* Work item: An exact copy of the listing below is needed, with no pictures in it.
___ Material for this task ___
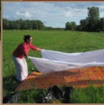
Step 2: Bhutanese farmers lay a sheet on the ground for drying daikon (New Farms for New Americans)

How do you know it's harvest time down by the fields of Bhutanese farmers and gardeners? On sunny days you'll see bustling activity of people spreading out tarps, laying out leaves and white root pieces, and bringing them in before sun down. Many cultures throughout the world dry and ferment daikon and mustard greens in order to preserve them for healthy eating throughout the winter. Here is the Bhutanese way:
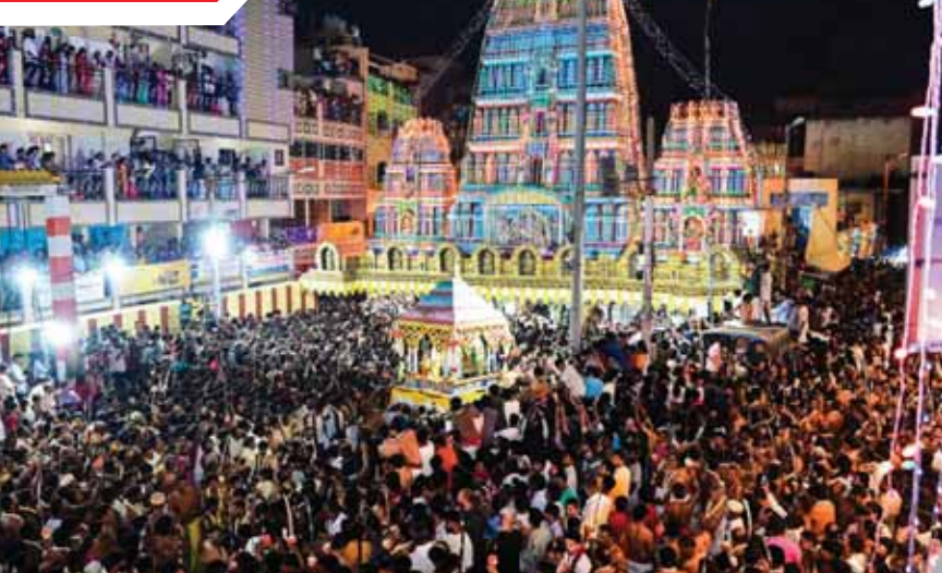
Veerakumars' gather to participate in the the Karaga festival at Sri Dharmarajana Swamy Temple, in Bengaluru
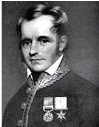
Figure 2 Major William Henry Sleeman, Who Is Known as the Destroyer of the Cult
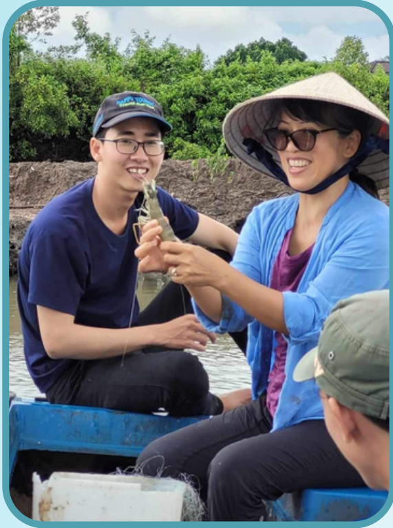
Son (left) graduated with a 3 year degree in logistics
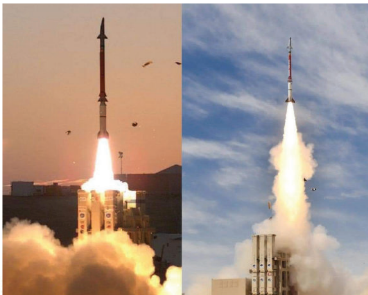
IDF spokesperson released documentation of Iron Dome in action, intercepting PIJ rockets

Several key conclusions can be drawn from this 5-day operation:
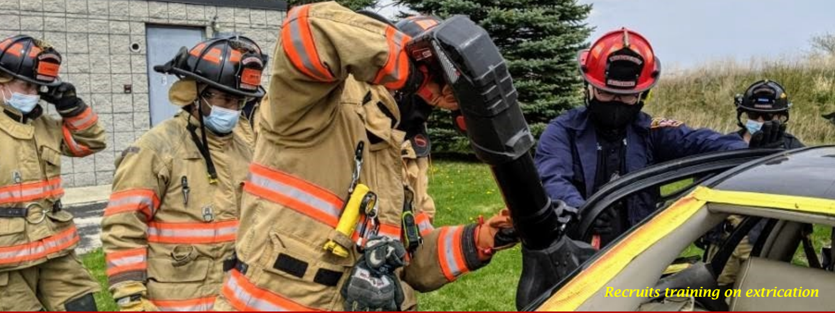
Recruits training on extrication
___
* Exercise solution:
Step 2: Bhutanese farmers lay a sheet on the ground for drying daikon (New Farms for New Americans)

How do you know it's harvest time down by the fields of Bhutanese farmers and gardeners? On sunny days you'll see bustling activity of people spreading out tarps, laying out leaves and white root pieces, and bringing them in before sun down. Many cultures throughout the world dry and ferment daikon and mustard greens in order to preserve them for healthy eating throughout the winter. Here is the Bhutanese way:
Veerakumars' gather to participate in the the Karaga festival at Sri Dharmarajana Swamy Temple, in Bengaluru
Figure 2 Major William Henry Sleeman, Who Is Known as the Destroyer of the Cult
Son (left) graduated with a 3 year degree in logistics
IDF spokesperson released documentation of Iron Dome in action, intercepting PIJ rockets

Several key conclusions can be drawn from this 5-day operation:
Recruits training on extrication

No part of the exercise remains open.